FIG. 18 shows another embodiment comprising reinforcing elements 1a, 1b, 1c according to the invention, which is similar to the embodiment shown in FIG. 17. Only two holes at one end of the two outermost reinforcing elements were cut or punched to form two spacers or interconnects 10a, 10b. The spacers or interconnects 10a, 10b are slanted or phased to form straight portions on either side of the portion of the circle in contact with the corresponding reinforcement element. The straight portions are arranged parallel to the short lateral direction of the corresponding reinforcement element and spaced apart from each other by a distance greater than the thickness of the reinforcement element. By inserting the spacer or interconnect (s) of one reinforcement or reinforcement into the hole of another reinforcement or other reinforcement, the reinforcement or reinforcement is placed adjacent to each other and then the reinforcement or reinforcement is removed from each other along its longitudinal direction. By displacing away, the reinforcing elements or reinforcements are fixed to each other. Since the spacer or interconnect (s) 10a, 10b are inclined, the reinforcement element or reinforcement may be more strongly coupled to each other. Moreover, the spacers or interconnects 10a and 10b may be used as spacers in the same manner as in the embodiment of FIG. 17 described above. In another embodiment, the reinforcement elements or reinforcements that are joined together by the spacer or the joining portion (s), such that the spacer or interconnect (s) are folded down to be essentially parallel to the corresponding reinforcing element (s). The contact area between and the bond strength can be further increased. In another embodiment, the spacer or interconnect (s) can have a smaller diameter than the aperture of the reinforcing element.

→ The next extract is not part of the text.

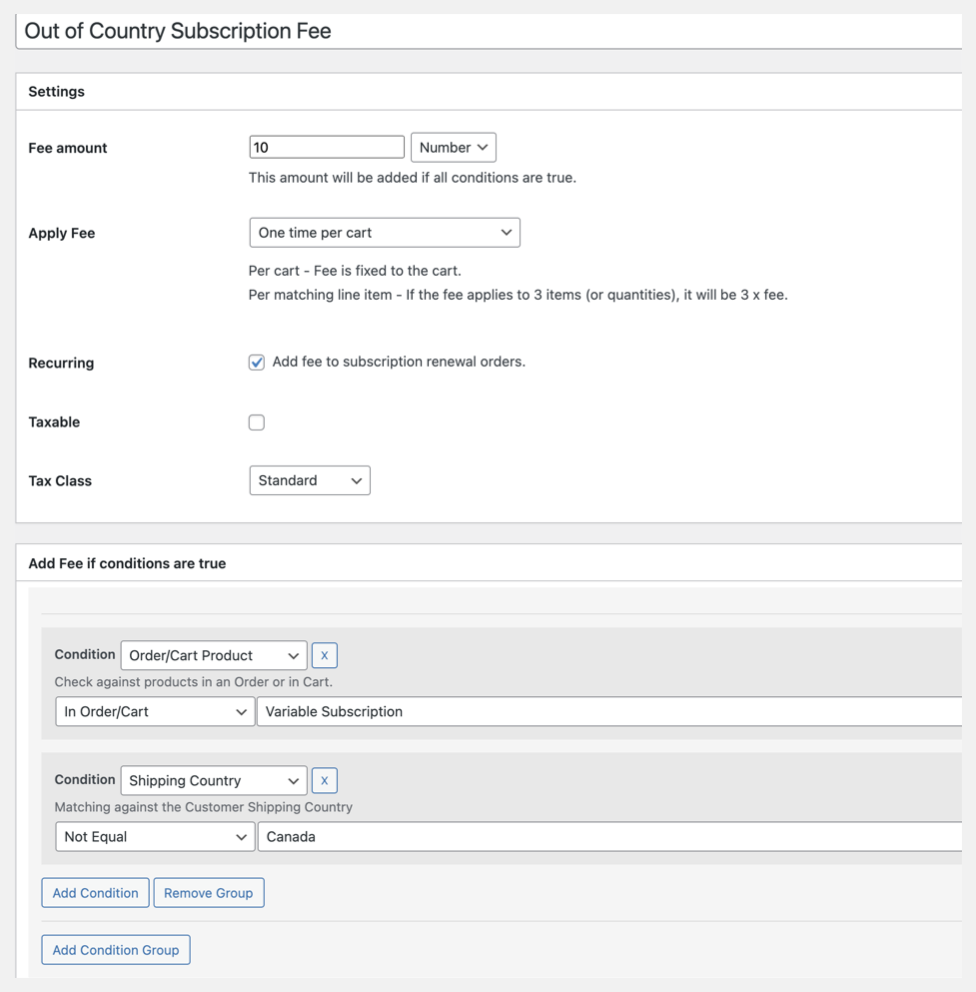 Automatically charge a recurring fee on subscription renewals. In the example below subscription orders outside of Canada incur a $10 fee.

Fig. 19 shows another embodiment comprising reinforcing elements 1a, 1b, 1c according to the invention, which is similar to the embodiment shown in Fig. 18. Two inclined spacers or interconnects 11a and 11b are formed in the same manner as in FIG. By joining the spacers or interconnects 11a and 11b along their sides, the bond strength between the reinforcement elements or the reinforcements joined together by the spacer or the joining portion (s) is further increased. According to another embodiment, the spacers or interconnects 11a and 11b may have the same shape as in FIG. 17. That is, it does not have to be inclined or phase processed. Moreover, the spacers or interconnects 11a and 11b may be used as spacers in the same manner as in the embodiment of FIG. 17 described above.

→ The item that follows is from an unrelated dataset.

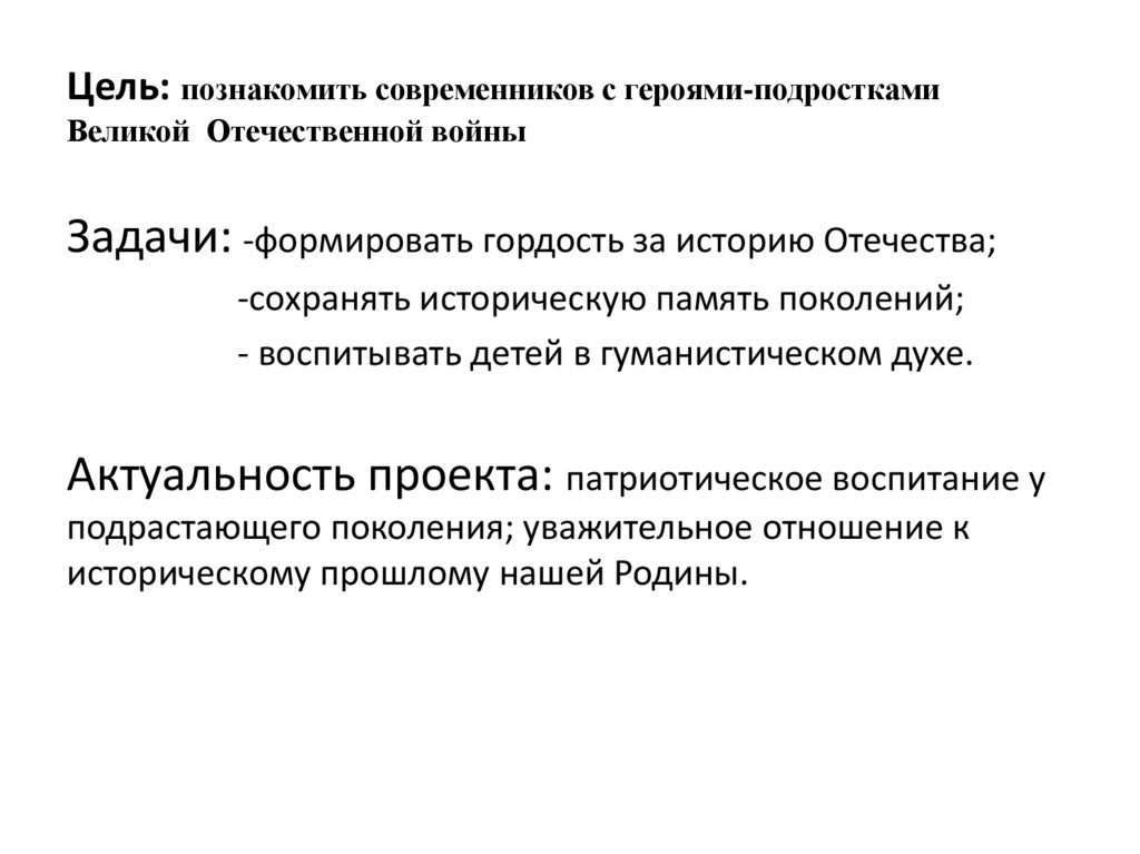 Цель: познакомить современников с героями-подросткамиВеликой Отечественной войны

FIG. 20A shows another embodiment comprising a reinforcing element according to the invention, which is similar to the embodiment shown in FIG. 18. The outermost reinforcing elements 1a, 1b have two spacers or interconnects 12a, 12b, 12c, 12d, each arranged at a distance from each other in the longitudinal direction of the reinforcing elements. The spacers or interconnects 12a, 12b. 12c, 12d are formed in the same manner as in FIG. 18, but with circular through holes. The tips of the spacers or interconnects 12a, 12b, ie the portions of the spacers or interconnects furthest from the reinforcement element, are cut to form openings corresponding to the through holes. In other words, the spacers or interconnects are cut to form two separate curved hooks. Spacers or interconnects may be used to join reinforcement elements or reinforcements together in the same manner as described for the embodiment of FIG. 18. In addition, the spacers or interconnects 12a, 12b, 12c, 12d may be used as spacers in the same manner as in the embodiment of FIG. 17 described above. FIG. 20B shows the same reinforcement as in FIG. 20A, where a tube is placed inside the cut through hole or between the hooks to attach to the reinforcement.

Figure 21 shows two stiffeners according to the invention which are joined together. Each reinforcement includes reinforcement elements folded together after being joined together in the same manner as in FIGS. 17-20. The reinforcements are joined together by a spacer or interconnect 14 of the reinforcement element 1a2 inserted in the through hole of the reinforcement element 1c1 disposed adjacent to the reinforcement element 1a2. The spacers or interconnects 14 are folded to be essentially flush with the reinforcing elements 1a2 and 1c1, and the reinforcing elements 1a2 and 1c1 are displaced relative to one another in the longitudinal direction of the reinforcing elements to create a strong bond therebetween. To get it.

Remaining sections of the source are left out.